## Work request
Word for word, copy the entire listing below, but do not carry over any pictures.

## Material supplied
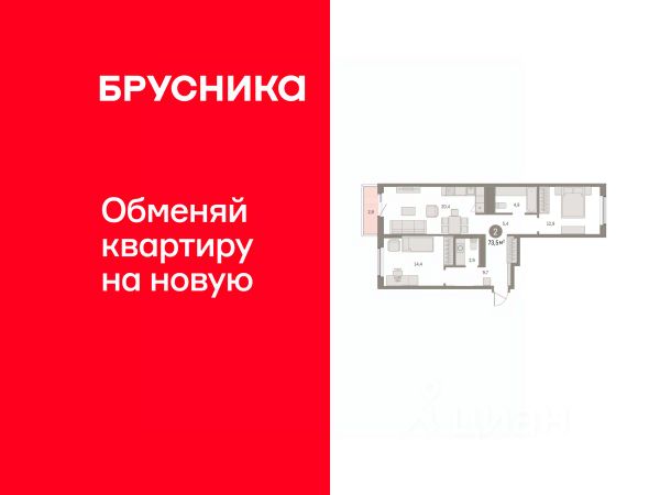 Устали от поисков? 2-комнатная квартира 46 в 3 этапе ЖК "12" — то, что вам нужно! В 2-х минутах от дома есть всё для жизни: поликлиника, супермаркет, детский сад, школа, пункты выдачи, новый бассейн и Ледовый дворец. Общая площадь 70,3 м² включает: - просторная кухня-гостиная (11,9 м²) - комната 1 (12 м²) - комната 2 (16,6 м²) - совмещённый санузел (4,3 м²). Дополнительно: функциональная гардеробная. Увеличенные окна с видом на улицу наполняют помещение светом и свежим воздухом. Потолки высотой 2,7 м. и свободная планировка обеспечивают основу для любых дизайнерских решений. Вы получаете свою квартиру в базовой комплектации: - выровненные и оштукатуренные стены - цементно-песчаная стяжка пола со звукоизоляцией - разводка электричества до места установки розеток и выключателей - остекление входной группы лоджии и окон - современные радиаторы с вертикальной разводкой отопления - надежные входные сейф-двери. Не хотите тратить время на ремонт? У нас есть чистовая отделка в 2-х вариантах. Решать вам! Ваша новая квартира класса комфорт+ уже ждет вас!
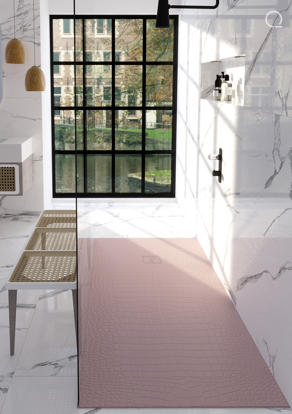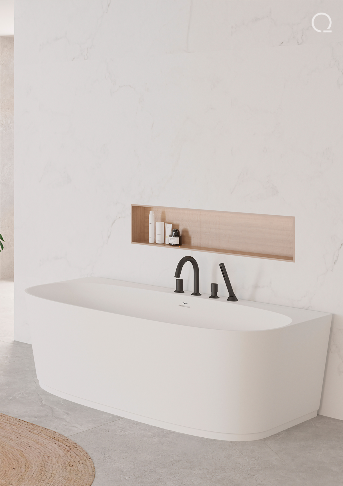 Q-tek es un material Solid Surface, especialmente adecuado por su ligereza para productos pesados tales como bañeras.
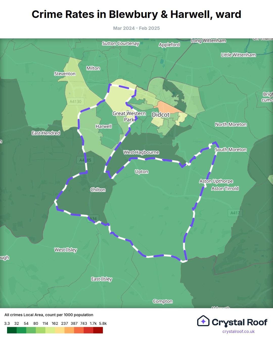 Blewbury & Harwell, (ward) includes areas with the following crime ratings (see map):
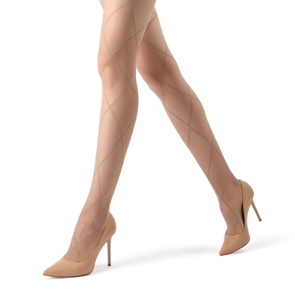 These sheer fashion tights feature a large, open diamond pattern. Crafted on silky, durable stretch nylon for repeat use, with sheer toe and brief cotton gusset.
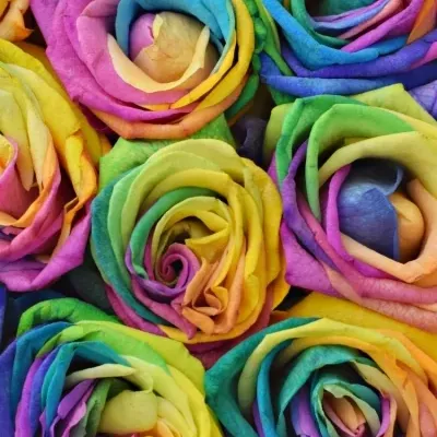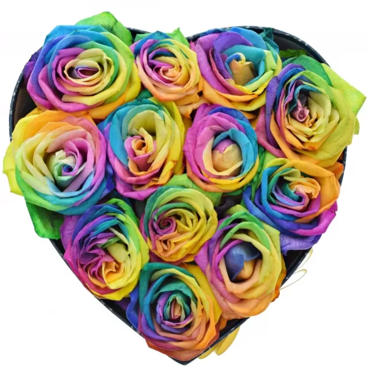 Krabička duhových růží RAINBOW modrá 19x9cm
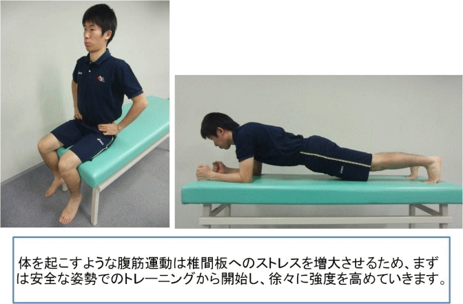 背骨を安定させるためには腹筋群を中心とした体幹の筋活動が不可欠です。症状に応じて、腰部への負荷の少ない運動から開始し、徐々に強度を高めながら、スポーツに必要な体幹筋力の獲得を目指します。
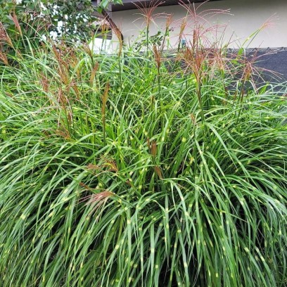 kwiatostany: miedziane lub purpurowo-czerwone, później srebrzyste
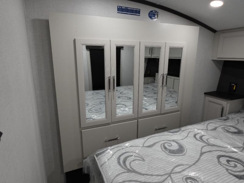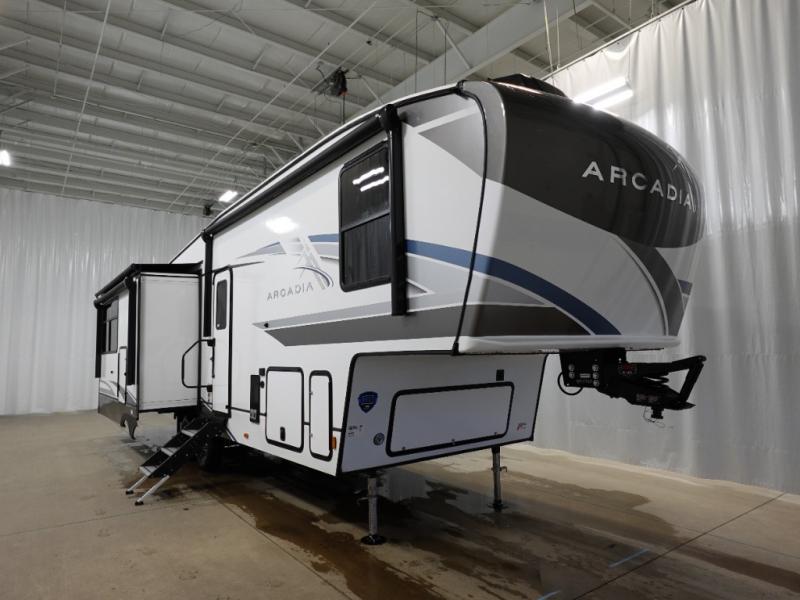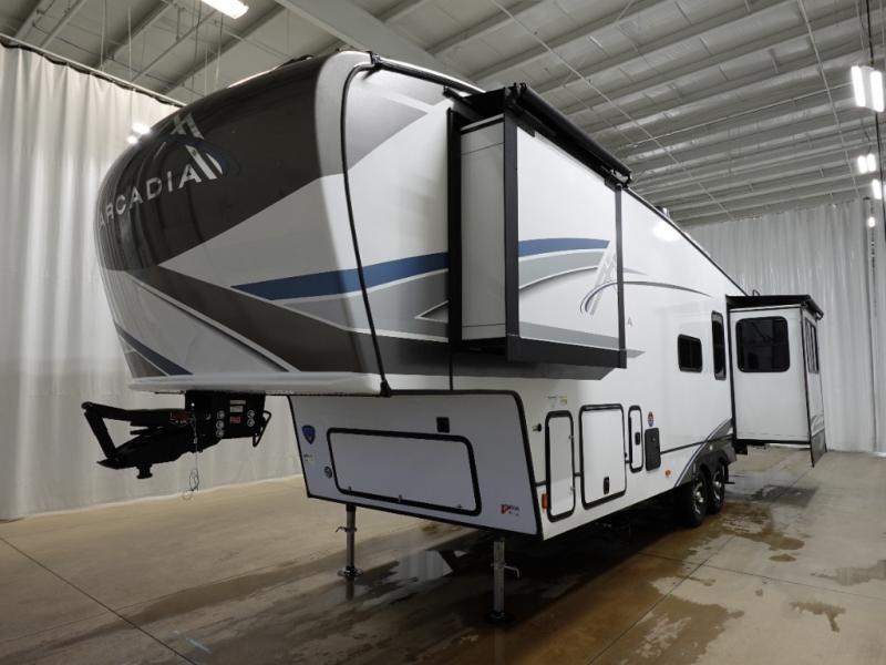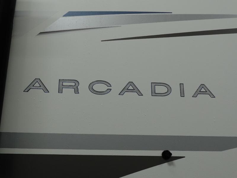With any Arcadia Super Lite fifth wheel by Keystone, you will enjoy easy-to-tow lengths, unmatched storage, and oversized windows to let the outdoor views in. The structural I-beam frame will provide a strong foundation to your RV, and the Curt Performance Package means you can enjoy hassle-free towing. You will be able to camp year around thanks to the Peak Weather Package that includes a heated and enclosed underbelly, a 35K BTU furnace, and Keystone's exclusive HyperDeck floor that adds an additional layer of insulation to your floor. The interior will make you feel at home with residential hardware, seamless pressed countertops, black roller shades, and ample storage space. Sometimes the best things come in smaller packages; choose a Arcadia Super Lite today!
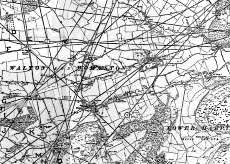 (1} Aucune ligne droite ne peut être déterminée sur la carte par des lieux portant le même nom, même si celui-ci est fréquemment employé.
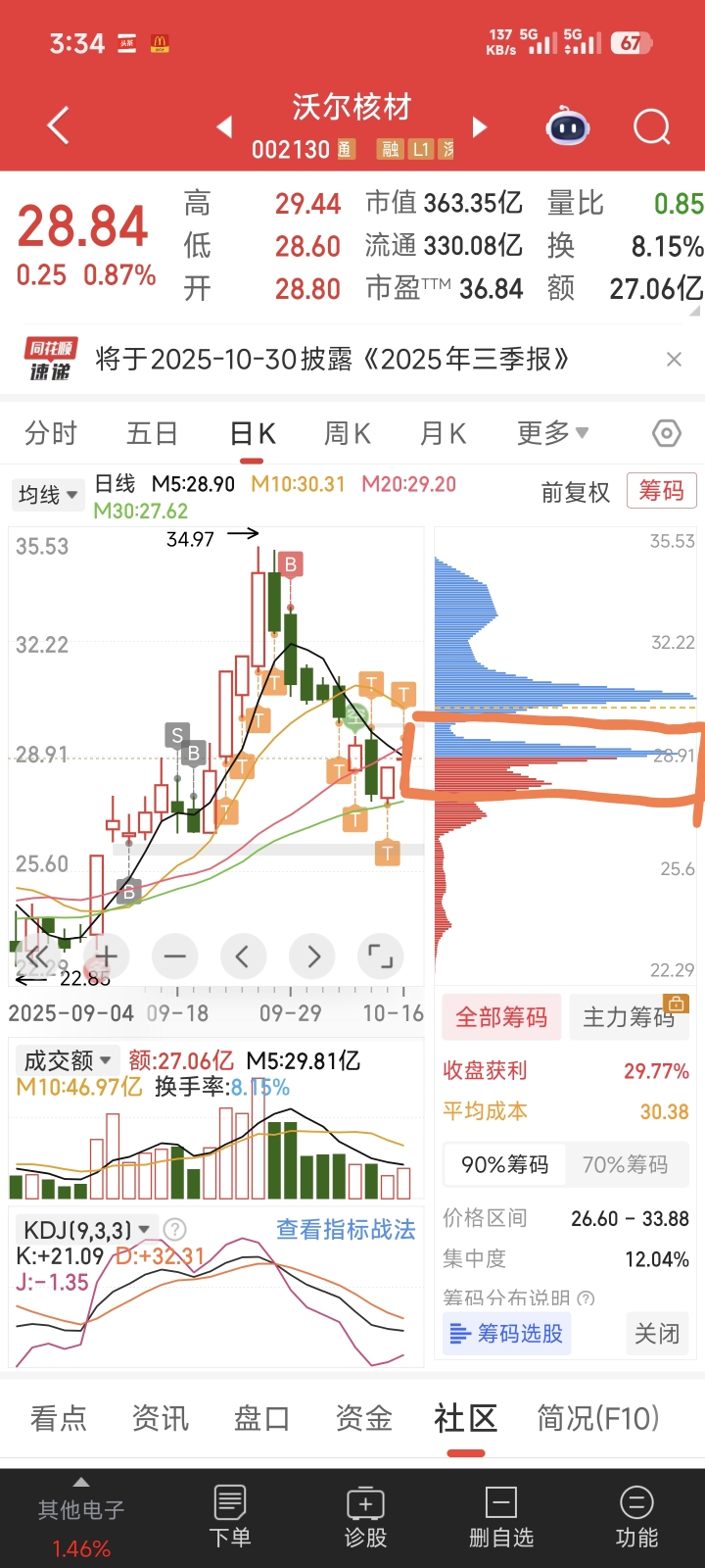 $沃尔核材(SZ002130)$ 这下午。。。好歹是红的吧明天估计还是继续缩量震荡,可能要把这个筹码峰做长
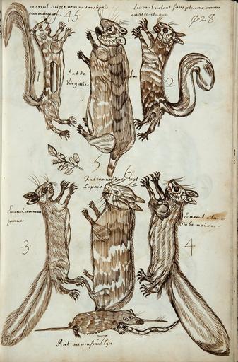 Keywords: Codex canadensis, p. 28.jpg fr Codex canadensis p 28<br> 1 ecureul suisse nomme dans le pais / oua ouingout <br>2 Ecureul volant sans pleume nomme / anascantaoue <br>3 Ecureul commun / jaune <br>4 Ecureul a la / Robe noire <br>5 Rat de La Virginie <br>6 Rat comun dans tout Le pais <br>7 Rat au museau Egu en 1 Swiss squirrel chipmunk called oua oningout in the country <br>2 Featherless flying squirrel named anascantaoue <br>3 Common yellow squirrel <br>4 Black-haired squirrel <br>5 Virginia rat <br>6 Rat common in the whole country <br>7 Sharp-nosed rat ca 1675-82 http //www collectionscanada gc ca/codex/026014-1100-f html Louis Nicolas 1634 - ca 1682 other versions PD-old-100 Codex canadensis Uploaded with UploadWizard |
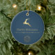 An elegant winter blue and gold holiday business ornament for small business use. Simply edit the business logo before purchasing and deliver some winter holiday joy to your MVP clients and customers! Features a gold jumping deer with antlers against a deep seasonal blue background.
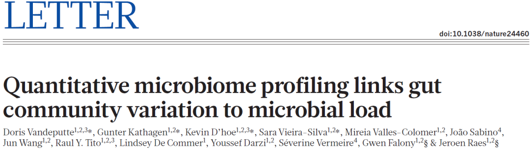 参考文献:Doris Vandeputte, Gunter Kathagen, Kevin D’hoe, Sara Vieira-Silva, Mireia Valles-Colomer, João Sabino, Jun Wang, Raul Y. Tito, Lindsey De Commer, Youssef Darzi, Séverine Vermeire, Gwen Falony & Jeroen Raes. (2017). Quantitative microbiome profiling links gut community variation to microbial load. Nature 551, 507-511, doi: https://doi.org/10.1038/nature24460

## Solution to this task
 Устали от поисков? 2-комнатная квартира 46 в 3 этапе ЖК "12" — то, что вам нужно! В 2-х минутах от дома есть всё для жизни: поликлиника, супермаркет, детский сад, школа, пункты выдачи, новый бассейн и Ледовый дворец. Общая площадь 70,3 м² включает: - просторная кухня-гостиная (11,9 м²) - комната 1 (12 м²) - комната 2 (16,6 м²) - совмещённый санузел (4,3 м²). Дополнительно: функциональная гардеробная. Увеличенные окна с видом на улицу наполняют помещение светом и свежим воздухом. Потолки высотой 2,7 м. и свободная планировка обеспечивают основу для любых дизайнерских решений. Вы получаете свою квартиру в базовой комплектации: - выровненные и оштукатуренные стены - цементно-песчаная стяжка пола со звукоизоляцией - разводка электричества до места установки розеток и выключателей - остекление входной группы лоджии и окон - современные радиаторы с вертикальной разводкой отопления - надежные входные сейф-двери. Не хотите тратить время на ремонт? У нас есть чистовая отделка в 2-х вариантах. Решать вам! Ваша новая квартира класса комфорт+ уже ждет вас!
 Q-tek es un material Solid Surface, especialmente adecuado por su ligereza para productos pesados tales como bañeras.
 Blewbury & Harwell, (ward) includes areas with the following crime ratings (see map):
 These sheer fashion tights feature a large, open diamond pattern. Crafted on silky, durable stretch nylon for repeat use, with sheer toe and brief cotton gusset.
 Krabička duhových růží RAINBOW modrá 19x9cm
 背骨を安定させるためには腹筋群を中心とした体幹の筋活動が不可欠です。症状に応じて、腰部への負荷の少ない運動から開始し、徐々に強度を高めながら、スポーツに必要な体幹筋力の獲得を目指します。
 kwiatostany: miedziane lub purpurowo-czerwone, później srebrzyste
With any Arcadia Super Lite fifth wheel by Keystone, you will enjoy easy-to-tow lengths, unmatched storage, and oversized windows to let the outdoor views in. The structural I-beam frame will provide a strong foundation to your RV, and the Curt Performance Package means you can enjoy hassle-free towing. You will be able to camp year around thanks to the Peak Weather Package that includes a heated and enclosed underbelly, a 35K BTU furnace, and Keystone's exclusive HyperDeck floor that adds an additional layer of insulation to your floor. The interior will make you feel at home with residential hardware, seamless pressed countertops, black roller shades, and ample storage space. Sometimes the best things come in smaller packages; choose a Arcadia Super Lite today!
 (1} Aucune ligne droite ne peut être déterminée sur la carte par des lieux portant le même nom, même si celui-ci est fréquemment employé.
 $沃尔核材(SZ002130)$ 这下午。。。好歹是红的吧明天估计还是继续缩量震荡,可能要把这个筹码峰做长
 Keywords: Codex canadensis, p. 28.jpg fr Codex canadensis p 28<br> 1 ecureul suisse nomme dans le pais / oua ouingout <br>2 Ecureul volant sans pleume nomme / anascantaoue <br>3 Ecureul commun / jaune <br>4 Ecureul a la / Robe noire <br>5 Rat de La Virginie <br>6 Rat comun dans tout Le pais <br>7 Rat au museau Egu en 1 Swiss squirrel chipmunk called oua oningout in the country <br>2 Featherless flying squirrel named anascantaoue <br>3 Common yellow squirrel <br>4 Black-haired squirrel <br>5 Virginia rat <br>6 Rat common in the whole country <br>7 Sharp-nosed rat ca 1675-82 http //www collectionscanada gc ca/codex/026014-1100-f html Louis Nicolas 1634 - ca 1682 other versions PD-old-100 Codex canadensis Uploaded with UploadWizard |
 An elegant winter blue and gold holiday business ornament for small business use. Simply edit the business logo before purchasing and deliver some winter holiday joy to your MVP clients and customers! Features a gold jumping deer with antlers against a deep seasonal blue background.
 参考文献:Doris Vandeputte, Gunter Kathagen, Kevin D’hoe, Sara Vieira-Silva, Mireia Valles-Colomer, João Sabino, Jun Wang, Raul Y. Tito, Lindsey De Commer, Youssef Darzi, Séverine Vermeire, Gwen Falony & Jeroen Raes. (2017). Quantitative microbiome profiling links gut community variation to microbial load. Nature 551, 507-511, doi: https://doi.org/10.1038/nature24460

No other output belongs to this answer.